- In an attempt to visualize and dissipate through familiarity the
angst of the US american psyche in the wake of communal loss,
a mental pastiche of Alfred Hitchcock's cinematic 'dream' or Surrealist
sequences informs conductor's visual style - a kind of Freudian
Modernism - but so too does Disneyesque melodrama. This off-key
alienation device is intended to allow an audience critical
distance from the news-media's obscene coupling of real
tragic imagery with overplayed sentiment and opportunistic commercialism
that characterizes coverage of '9/11' - conductor may then
operate as intended, sparking synapses to fresh thought around the
subjects of hubris, trauma, revenge and redemption.
- conductor relies heavily on the notion and use of 'the
helicopter shot' - a device often used in clumsy attempts to rescue
bad cinema. In this scenario though, the helicopter view is replaced with the
point-of-view of a 'lost soul', caught forever in the purgatory
of a premonitory dream on the eve of September 11, 2001. No martyr or hero,
this believer is an asylum-seeker, a shell-shocked refugee from a moribund Faith,
frenziedly and repeatedly navigating the Jacob's Ladder of the World Trade Center towers
in increasingly more desperate but futile attempts to ascend to Heaven's Gate
prior to Armageddon, 'the war at the end of the world' ...and God.

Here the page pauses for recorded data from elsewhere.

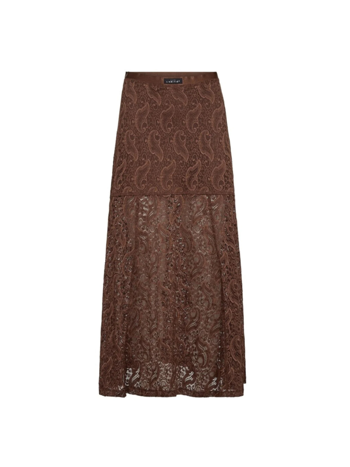 Elegant blonde nederdel i en varm mocca nuance med smukke transparente detaljer, der skaber et let og feminint udtryk. Den tætsiddende overdel kombineret med den let udvidede bund giver en flatterende silhuet og et elegant fald. Style den med den matchende lace tee for et gennemført sæt, eller kombinér med en enkel top for et mere afdæmpet look. En sofistikeret nederdel, der balancerer romantik og moderne kant.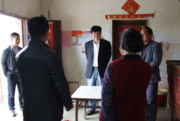 校党委书记余嗣元(中)走访贫困户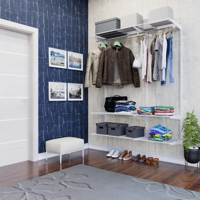 Гардеробные системы – это довольно бюджетное и удобное решение для установки. Конструкция универсальная, подходит для любого помещения, а количество и высоту полок можно подстраивать под свои нужды. Среди плюсов – полный обзор всей одежды и быстрый доступ.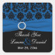 This 1.5" cobalt blue and black damask wedding favour thank you sticker or envelope seal has a blue FAUX ribbon and jewel brooch that matches the wedding invitation shown below. You can change the text to say whatever you want, and you can also change the sticker size and/or shape. If you require any other matching items in this design, please email your request to niteowlstudio@gmail.com.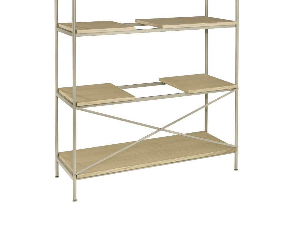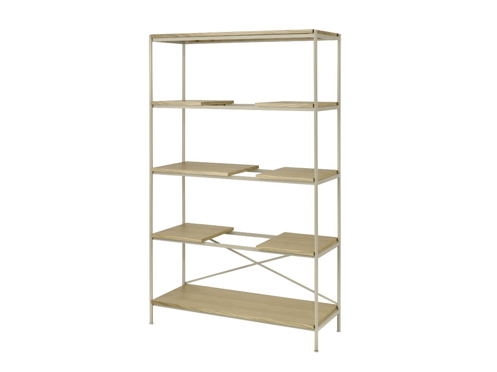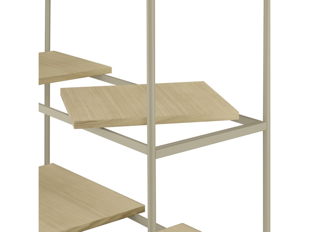 Police jsou navrženy tak, aby je bylo možné volně přesouvat na pevném vodorovném rámu police.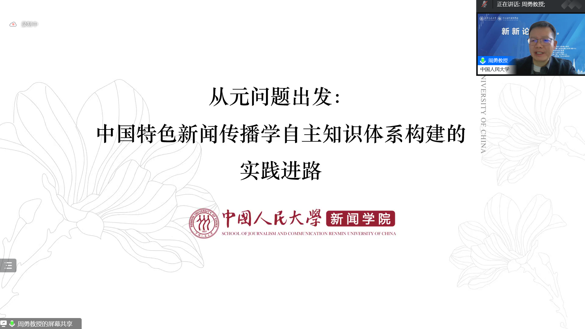 周勇教授以“元问题、基本面向与焦点领域:中国特色新闻传播学知识体系的建构逻辑与实践进路”为题,从历史维度出发,回顾了过往新闻传播学科的知识图谱,指出目前新闻学研究的客体已经从技术、制度、文本等领域扩展到整个新闻实践过程中,而新闻传播学的研究本体从侧重工业化生产的大众传播逐渐转向成“体系”的信息传播,由此带来了新闻传播学体系元问题的两个维度:对内要解决信息传播体系的自身建设问题,对外要聚焦该体系及其实践活动外部影响。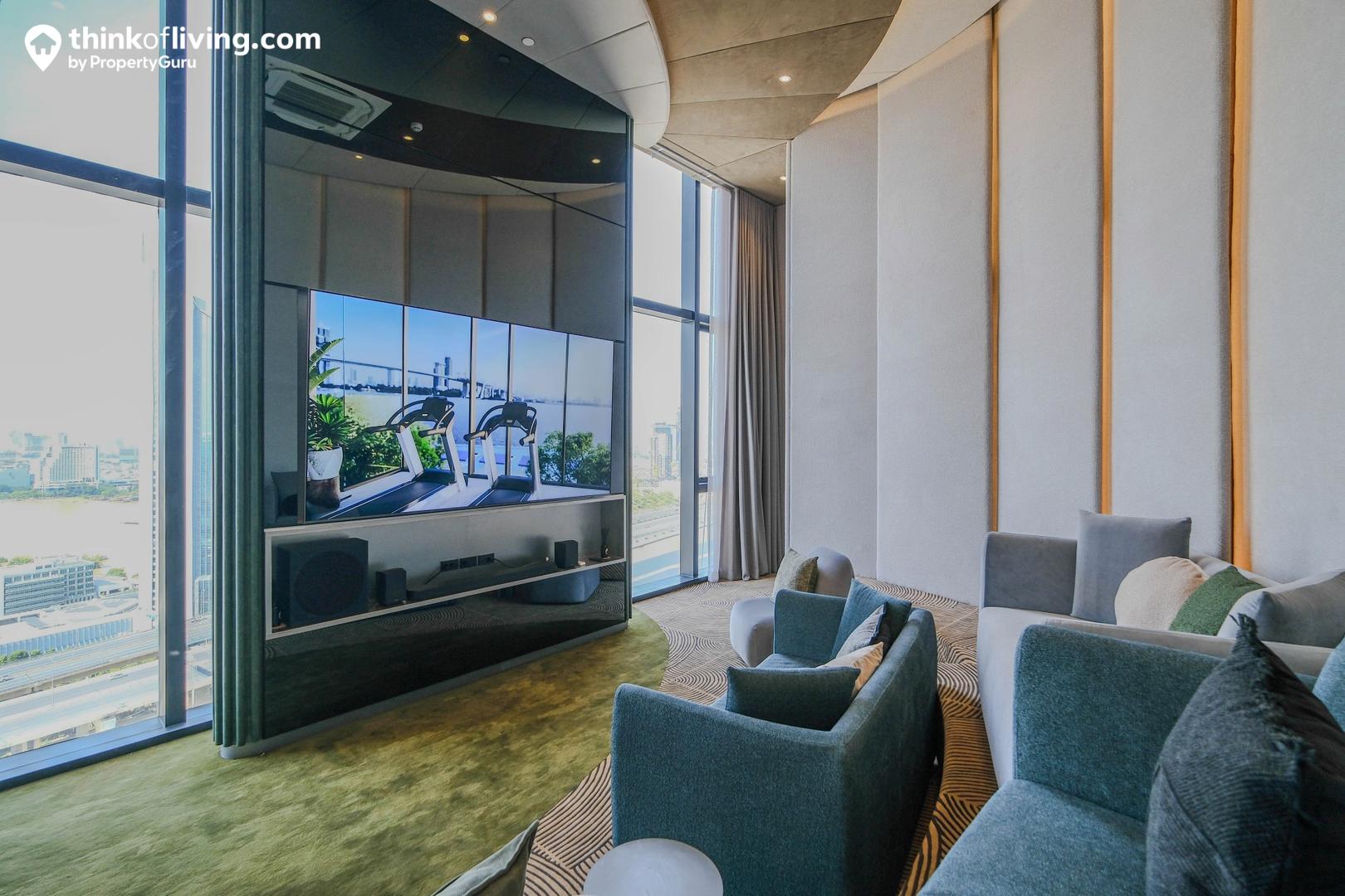 โดยพื้นที่ส่วนกลางจะมีกระจายให้ใช้งานได้ทุกอาคาร ฟังก์ชันหลักคือ Lobby , Mail Room , Co – Working Space เรียกว่าเป็น Valley Zone ของโครงการ ตรงกลางเป็นพื้นที่สวนขนาดใหญ่มาพร้อม Pet Park รวมเนื้อที่ได้กว่า 3 ไร่ ช่วยเพิ่มบรรยากาศร่มรื่นในโครงการได้ดี ส่วน Sky Zone จะอยู่ที่ชั้น 35 ของอาคาร B และ C ได้วิวแม่น้ำและเมืองมุมสูงแบบเต็มๆ สุดท้ายคือ River Zone เป็นพื้นที่ส่วนกลางแบบ Outdoor ที่อยู่ติดริมแม่น้ำ ลูกบ้านจากอาคารอื่นๆ เดินมาใช้งานได้ง่าย จะใช้ทางเดิน Jogging Track ผ่านสวน หรือทางเชื่อมบนชั้น 2 ที่เดินได้ตั้งแต่อาคารจอดรถมาจนถึงอาคาร H ได้เลย รวมระยะทางประมาณ 200 เมตร นอกจากนี้ในโครงการยังมีรถกอล์ฟคอยวิ่งให้บริการ สำหรับใครที่ไม่อยากเดินให้เหนื่อย

- Experimental musician Karl-Heinz Stockhausen's brilliant
profundity is honored in conductor. To formal and critical
ends it uses a short passage from his helikopter-quartett
- a disturbing mix of modernism and tradition - as appropriate
to the on-screen action, but also as a reflection upon his difficult
and misrepresented thoughts about the events of 9/11 in the course
of a media event concerning his opera, Licht or 'Light'.
-
The Angel of History, Walter Benjamin, is an enduring and pertinent
influence. From a critical, secular, and social perspective ,
conductor reposits the centuries-old religious debate concerning how
many angels can fit on the point of a needle?